In first-time director Rajesh Mapuskar’s Ferrari… (Mapuskar was associate director to Hirani on Lage Raho Munnabhai and three Idiots), Rustam fights financial constraints and the politics of cricket selections to fulfil his son’s dream of playing at London’s Lord’s Cricket Ground.
That’s where the Ferrari is available in. The pressing need for money leads Rustam to take a reckless step and ‘borrow’ Sachin Tendulkar’s big red machine. A comedy of errors ensues, involving the marriage of a politician’s son, a hunt for the missing car, and Grandfather Deboo, who has a backstory of his own that, let’s just say, also concerns cricket.
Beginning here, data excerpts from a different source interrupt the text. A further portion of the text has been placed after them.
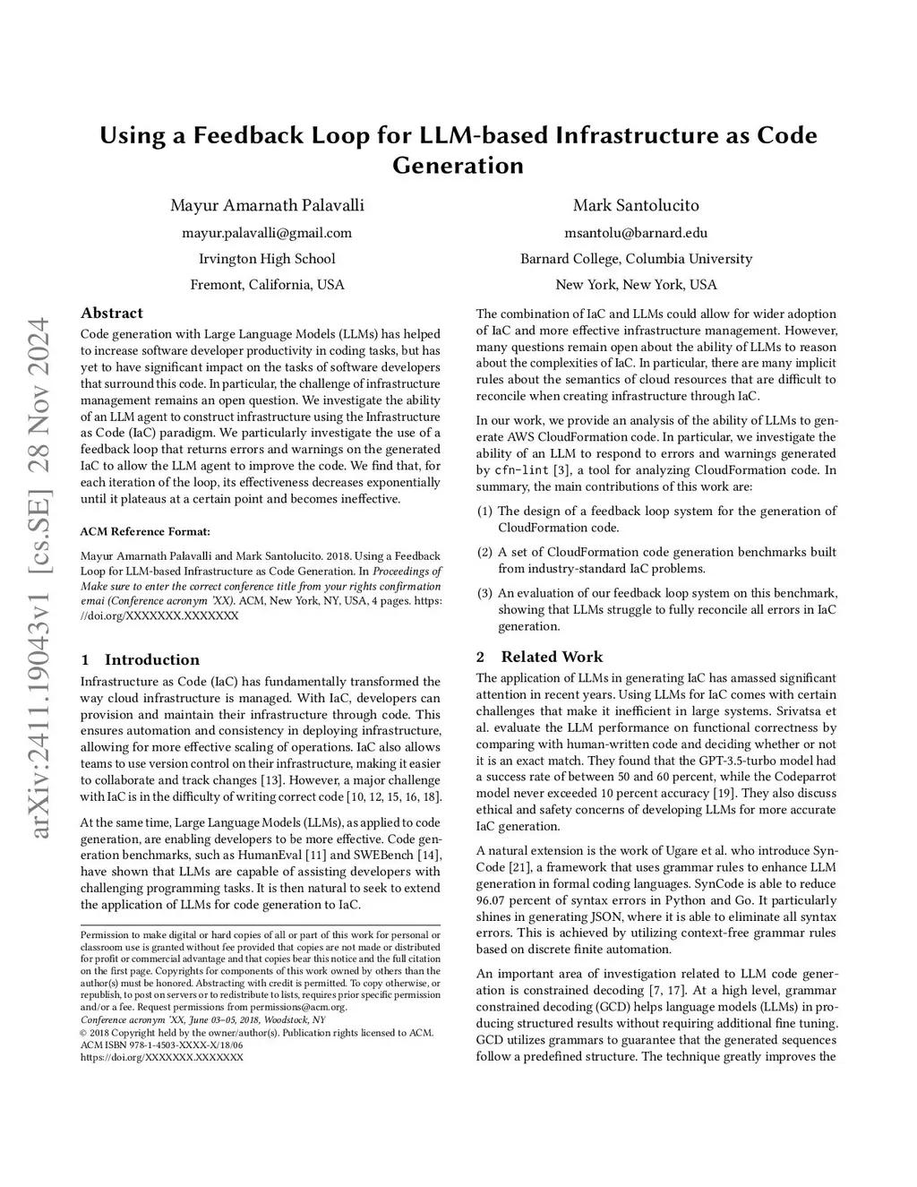 Using a Feedback Loop for LLM-based Infrastructure as Code Generation
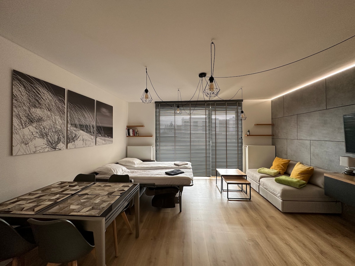 Elegantan, moderan stan u novoizgrađenoj stambenoj zgradi Baltic Marina Residence namijenjenoj za 4 osobe. Oko 41 m2 uključuje spavaću sobu koja se može zaključati sa bračnim krevetom dimenzija 160x200 cm, dnevni boravak sa sofom na razvlačenje, trpezariju, potpuno opremljenu čajnu kuhinju i kupatilo sa tušem. Stan ima izlaz na balkon.
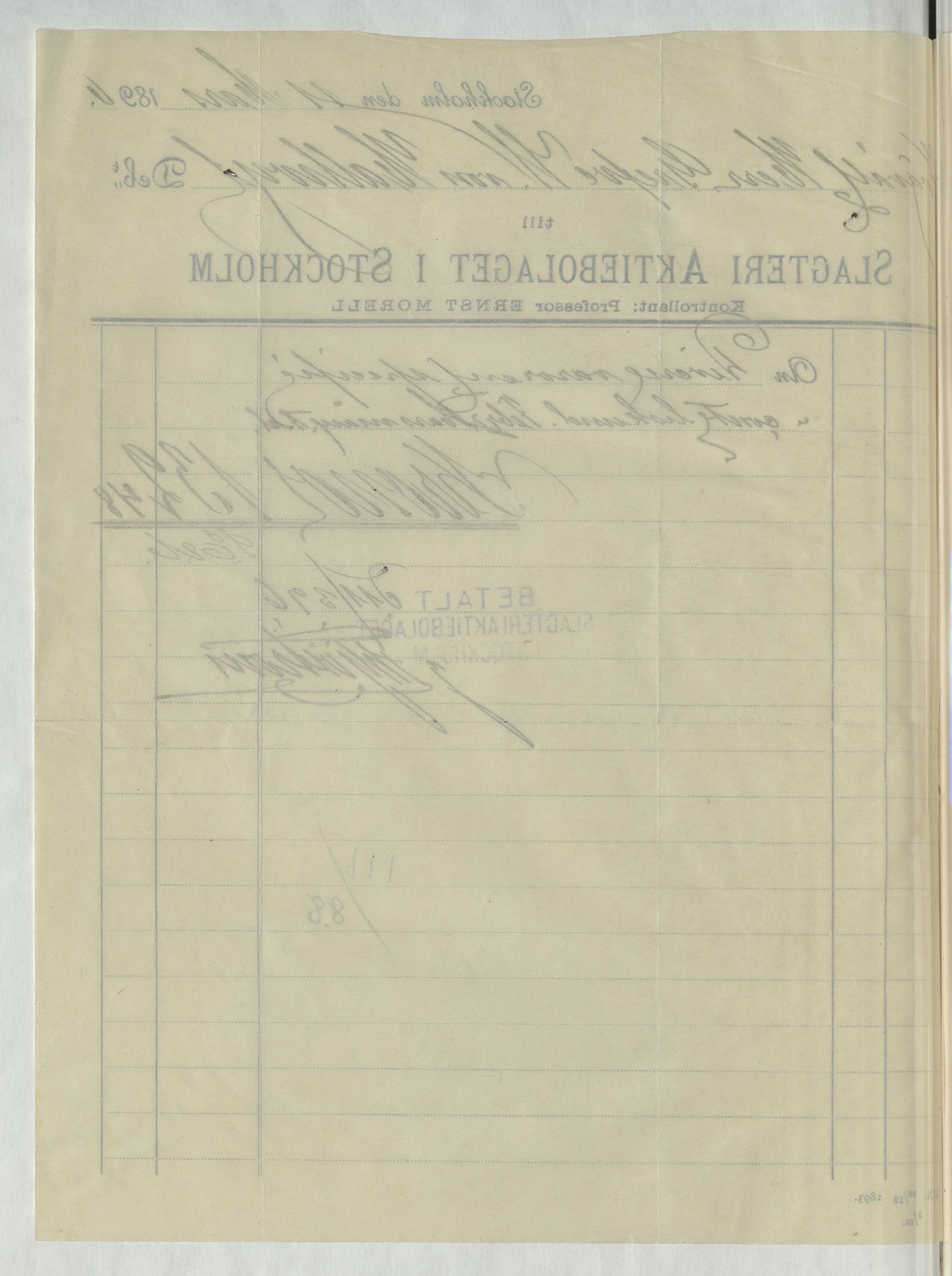 Kvitto från Slagteri Aktiebolaget i Stockholm
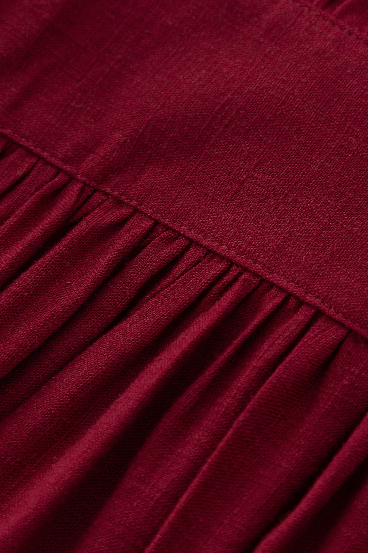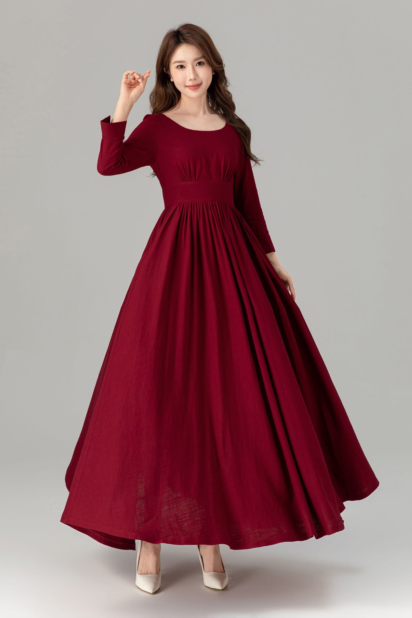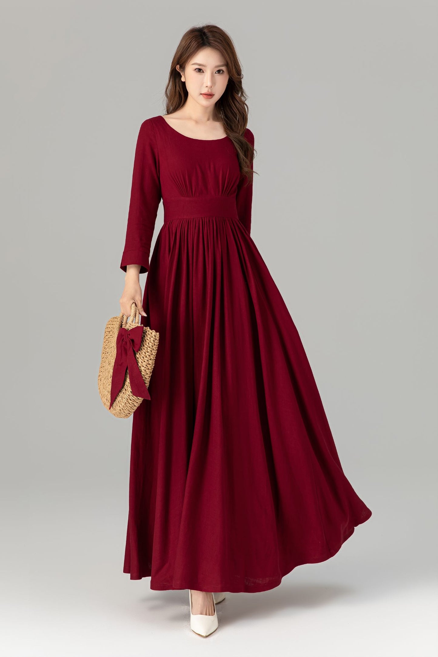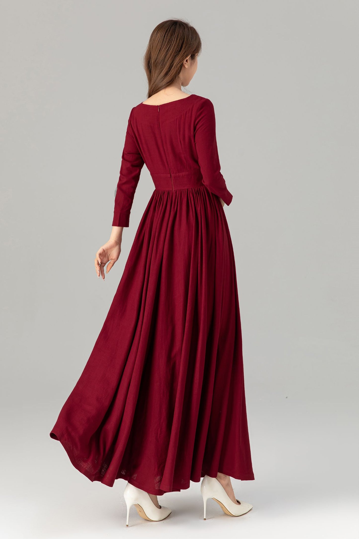 Burgundy prom high waisted spring linen dress 4924
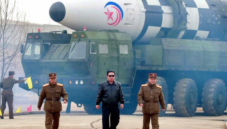Leader Kim Jong Un walks towards the camera, flanked by generals, as they prepare to fire the giant Hwasong-17 missile -- Pyongyang's first ICBM test since 2017.

The second 1/2 the movie largely devotes itself to resolving this plot and does so entertainingly, with wit, humour and pathos. There's even a symbolic deus ex machina, with a god that comes riding on a bullock cart. Some stock characters exist purely for comic effect (the politician’s idiot son, Tendulkars’ domestic help and a bumbling security guard), however the central characters are well fleshed out. Sharman, one of the underrated actors in Bollywood, is very convincing because the scrupulous Rustam (it’s astounding that during his 13 years within the industry, that is his first ‘lead’ role). Boman Irani excels because the cynical grandfather (of course, he has a natural advantage in playing a Parsi) and has the superior lines within the movie — at one point, he calls the entire Lord’s affair a “recession scheme” by the West to make money.
The Hirani-Chopra influence, however, pervades the film — a morally upright, large-hearted protagonist; an old, brooding father (not entirely unlike the carrom-playing Parsi dad from Munnabhai), even a magic-realism song sequence.
Yet, judged on its own, Ferrari works as a movie. It’s a narrative of reaching to your dreams, of endearing father-son relationships, and of ethical lessons that aren’t preachy. It’s a formula that rarely fails — this kind of feel-good movie that makes for perfect Sunday viewing with the entire family.